Non-Negative Matrix Factorization
Non-negative matrix factorization (NMF) optimally solves an equationV≈WH.
The conventional formulation of the NMF is defined as follows. Starting with a non-negative M×N matrix V, the goal is to approximate the matrix V as a product of two non-negative matrices W and H. An error is minimized when the matrix V is reconstructed approximately by the product WH. This provides a way of decomposing a signal V into a convex combination of non-negative matrices.
When the signal V is a spectrogram and the matrix is a set of spectral shapes, the NMF can separate single-channel mixtures of sounds by associating different columns of the matrix with different sound sources, see U.S. Patent Application 20050222840 “Method and system for separating multiple sound sources from monophonic input with non-negative matrix factor deconvolution,” by Smaragdis et al. on Oct. 6, 2005, incorporated herein by reference.
NMF works well for separating sounds when the spectrograms for different acoustic signals are sufficiently distinct. For example, if one source, such as a flute, generates only harmonic sounds and another source, such as a snare drum, generates only non-harmonic sounds, the spectrogram for one source is distinct from the spectrogram of other source.
Speech
Speech includes harmonic and non-harmonic sounds. The harmonic sounds can have different fundamental frequencies at different times. Speech can have energy across a wide range of frequencies.

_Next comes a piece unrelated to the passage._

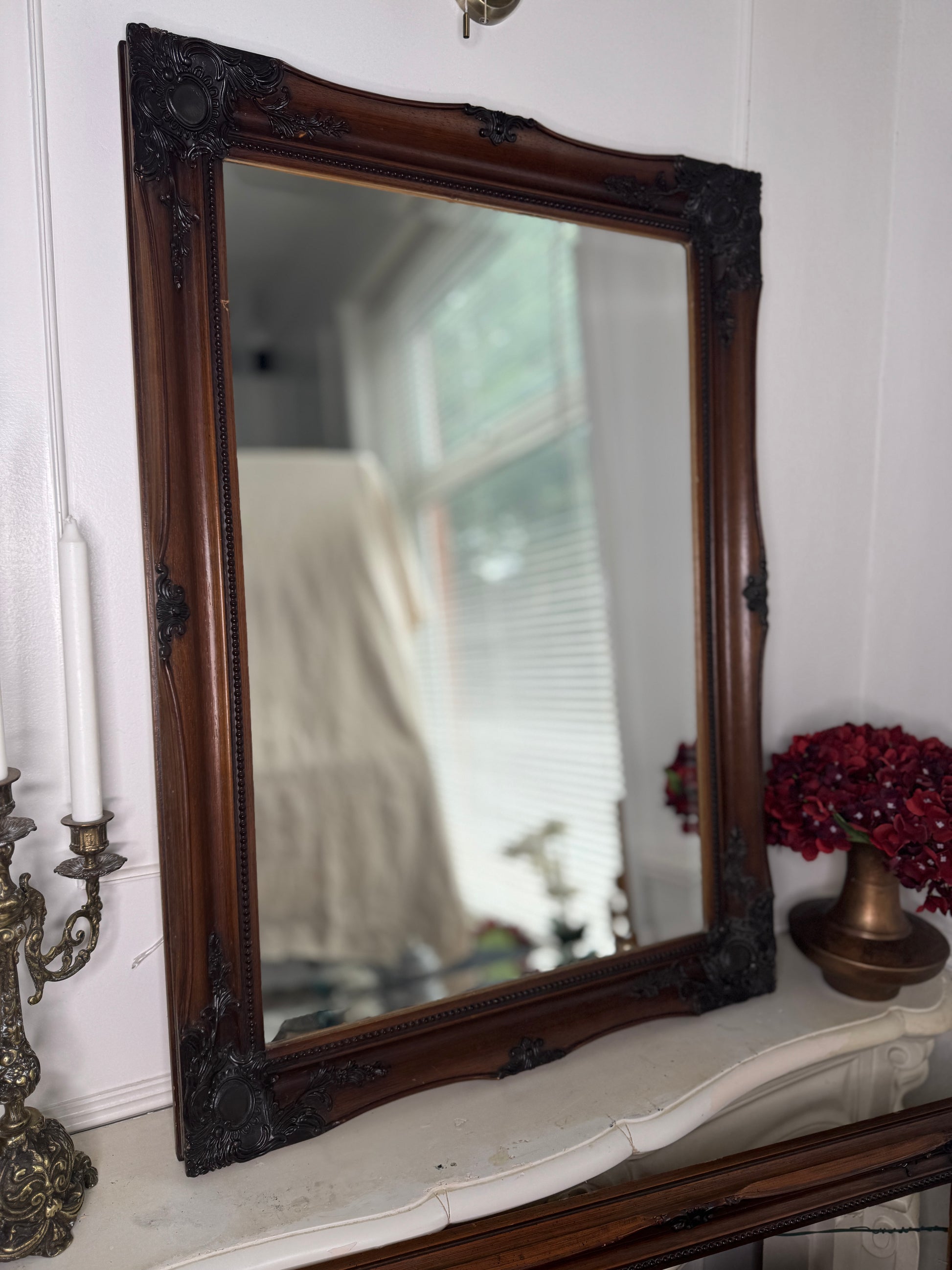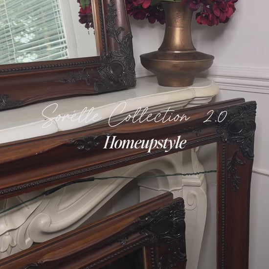 Elevate your home with this stunning antique bevelled mirror, beautifully set in a rich vintage wooden mirror frame adorned with intricate carvings. The ornate wooden frame mirror adds classic elegance and depth to any space, perfect for hallways, bedrooms, or living rooms. Its aged patina and bevelled glass reflect character and history, making it a meaningful accent piece that complements traditional, shabby chic, or French-inspired décor.

The spectra of non-stationary noise can be similar to speech. Therefore, in a speech denoising application, where one “source” is speech and the other “source” is additive noise, the overlap between speech and noise models degrades the performance of the denoising.
Therefore, it is desired to adapt non-negative matrix, factorization to the problem of denoising speech with additive non-stationary noise.